Humoral and Cellular Immunity for TBE Vaccination in Allogeneic HSCT Recipients

This study is currently recruiting participants. (see Contacts and Locations)
Verified July 2014 by Medical University of Vienna
Sponsor:
Collaborator:
Austrian Science Fund (FWF)
Information provided by (Responsible Party):
Christina Forstner, MD, Medical University of Vienna
ClinicalTrials.gov Identifier:
NCT01991067
First received: November 6, 2013
Last updated: July 30, 2014
Last verified: July 2014
  Purpose

Patients undergoing allogeneic blood and marrow transplantation (HSCT) experience a prolonged period of dysfunctional immunity. Systematic reimmunization is necessary at appropriate time intervals following transplantation to re-establish immunity. Vaccination practices after HSCT remain varied and data sparse. Tick-borne encephalitis (TBE) is one of the most severe infections of the central nervous system caused by a tick-borne flavivirus. There is no specific treatment, and prevention with the vaccine is the only intervention available. To assess the efficacy of TBE vaccination in adult allogeneic HSCT recipients compared to an age-matched and sex-matched control group of healthy volunteers without previous TBE vaccination, a prospective open-label phase II pilot study on humoral and cellular immune responses after use of TBE vaccine (FSME Immun) will be performed. As primary end point the outcome of the neutralization test (NT) against TBE will be assessed in a total of 26 HSCT patients one year after HSCT and in 26 healthy volunteers, namely four weeks after the second vaccination. Therefore, the number of subjects with NT titres against TBE virus >10, assumed to be the threshold for antibody-mediated protection will be evaluated. As secondary endpoints, antibody concentrations of TBE enzyme-linked immunosorbent assay before and four weeks after the second and third vaccination and antibody concentrations of NT against TBE four weeks after primary immunization. To evaluate cellular immune responses, lymphocyte proliferations assays and cytokine detection assays will be performed. In a subgroup analysis, these secondary endpoints will be compared between healthy volunteers, HSCT patients without immunosuppressive treatment and HSCT patients receiving immunosuppressive agents. Additionally, immune reconstitution by analysis of peripheral blood lymphocyte subsets and serum immunoglobulin levels will be evaluated prior to vaccination and every twelve weeks throughout the complete study period in HSCT patients only.
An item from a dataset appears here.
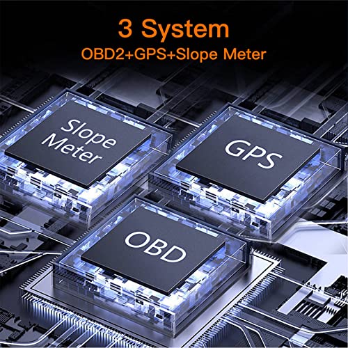 OBD2+GPS+Slope Meter: Car HUD ha un potente chip e un sensore di pendenza elettronico, che ti consente di conoscere l'inclinazione del veicolo e l'angolo di salita e discesa in tempo reale. Comprese nuove funzioni come temperatura esterna, latitudine e longitudine, settimana, angolo di rollio e angolo di elevazione.

Condition Intervention Phase
Tick Borne Encephalitis
Biological: TBE virus vaccine
Phase 2

Study Type: Interventional
Study Design: Allocation: Non-Randomized
Intervention Model: Parallel Assignment
Masking: Open Label
Primary Purpose: Prevention
Official Title: Characterization of Humoral and Cellular Immunity for Tick-borne Encephalitis (TBE) Vaccination in Allogeneic Blood and Marrow Graft Recipients: a Pilot Study

Resource links provided by NLM:


Further study details as provided by Medical University of Vienna:

Primary Outcome Measures:
  • Outcome of the neutralization test (number of subjects with neutralization titres against TBE virus >10) [ Time Frame: four weeks after the second vaccination ] [ Designated as safety issue: No ]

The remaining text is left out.